Python expressions including Numpy like arrays
compilation to bytecode, arena allocator for maximal memory locality
expression evaluation on vectors, amortizatiton of the bytecode interpreter
usage of SIMD for maximal Flops on modern CPUs

Build

SIMD instructions in particular AVX is supported from certain versions of compilers, e.g. GCC 4.6, Clang 3.5

Usage:

    using namespace bparser;

    // Define own value vectors, preferably aligned.
    uint vec_size = 8;
    double v1[vec_size * 3];
    double v2[vec_size * 3];
    double vres[vec_size * 3];

    // Create parser, give the size of the value spaces.
    // That is maximal allocated space. Actual values and 
    // active subset can be changed between evaluations of the expression.
    Parser p(vec_size);
    // parse an expression.
    p.parse("1 * v1 + cs1 * v2");

    // Get symbols used in the expressions.
    std::vector<std::string> symbols = p.symbols();
    std::cout << "Symbols: " << print_vector(p.symbols()) << "\n";
    // Set constants and variables

    // "cs1" constant with shape {}, i.e. scalar and values {2}.
    p.set_constant("cs1", {},   {2});
    // "cv1" vector constant with shape {3}
    p.set_constant("cv1", {3},  {1, 2, 3});
    // "v1" variable with shape {3}; v1 is pointer to the value space
    p.set_variable("v1", {3}, v1);
    p.set_variable("v2", {3}, v2);
    // Set the result variable (the last line of the expression)
    p.set_variable("_result_", {3}, vres);

    // Compile the expression into internall processor.
    p.compile();
    // Set arbitrary subset of the SIMD blocks in the maximal values space.
    // Here the full subset.
    p.set_subset({0, 1});
    // Evaluate
    p.run();
    // Result in the 'vres' value space.
    std::cout << print_vec(vres, 3*vec_size);

Expression syntax

BParser grammar tries to follow Python 3.6 expression grammar.

Program

Whole program consists of sequence of assignements separated by ';' finished with the result expression.

    a = var + 1;
    b = a + var; c=2*a + b;
    a + b + c

White space doesn't matter. Input variables (as the var) are detected by the parser and must be provided through the set_variable or set_constant methods (see 'Usage' section) before compilation. New variables are defined by the assignment.

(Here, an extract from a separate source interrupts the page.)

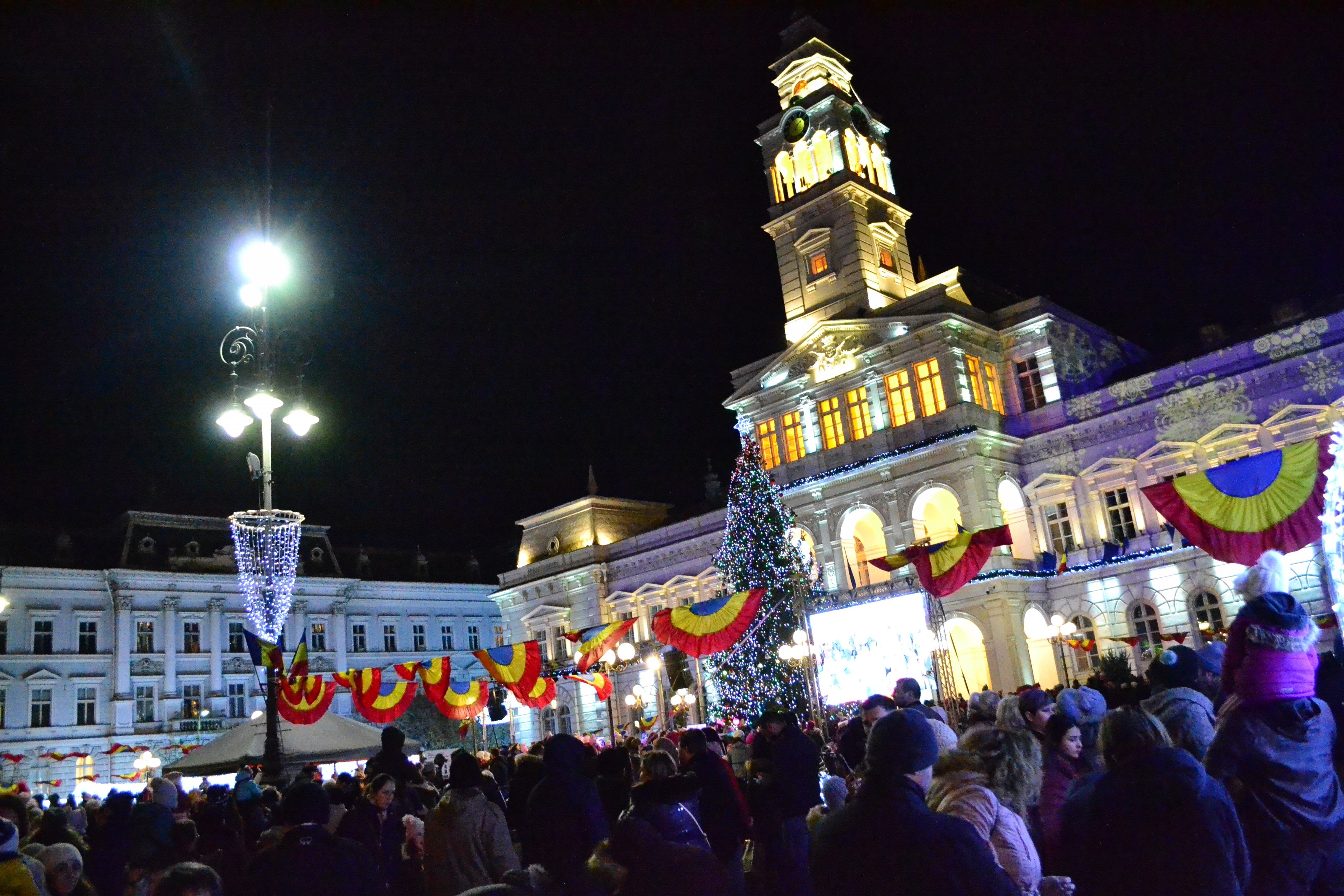 Într-o atmosferă parcă desprinsă din basmele pentru copii, luminițele ce împodobesc bradul din fața Palatului Administrativ au fost aprinse, în ajun de Moș Nicolae. Impozantul pom de iarnă, de peste 20 de metri, a fost adus din Munții Apuseni și a fost împodobit în ultimele câteva zile cu zeci de mii de luminițe și globuri.

Identifiers are formed from a-z,A-Z,_,0-9 charactes and must not start with a digit.

Operators

Supported operators (sorted from the highest precedence):

** : power
+ (unary), - (unary)
*, /, //, %, @

multiply, division, integer division, modulo, matrix multiplication
+, -
<, >, <=, >=, ==, !=
not
and
or
<true_expr> if <condition> else <false_expr>

conditional expression

Chained comparison is suported, e. g.

a < b < c == d

is evaluated as:

a<b and b<c and c==d

Operands can be: numbers, variables, function calls, and array subscriptions.

Supported functions

abs, ceil, floor, sgn
rad2deg (radians to degrees), deg2rad (degrees to radians),
acos, asin, atan, atan2, cos, sin, tan,
isinf (equal to +/-inf, isnan (equal to `+/- Nan),
log, log10, log2, exp, cosh, sinh
sqrt, power
eye, zeros, ones, full : array construction
flatten
minimum, maximum

Arrays

Arrays of arbitrery dimension are supported, i.e. vectors, matrices, tensors.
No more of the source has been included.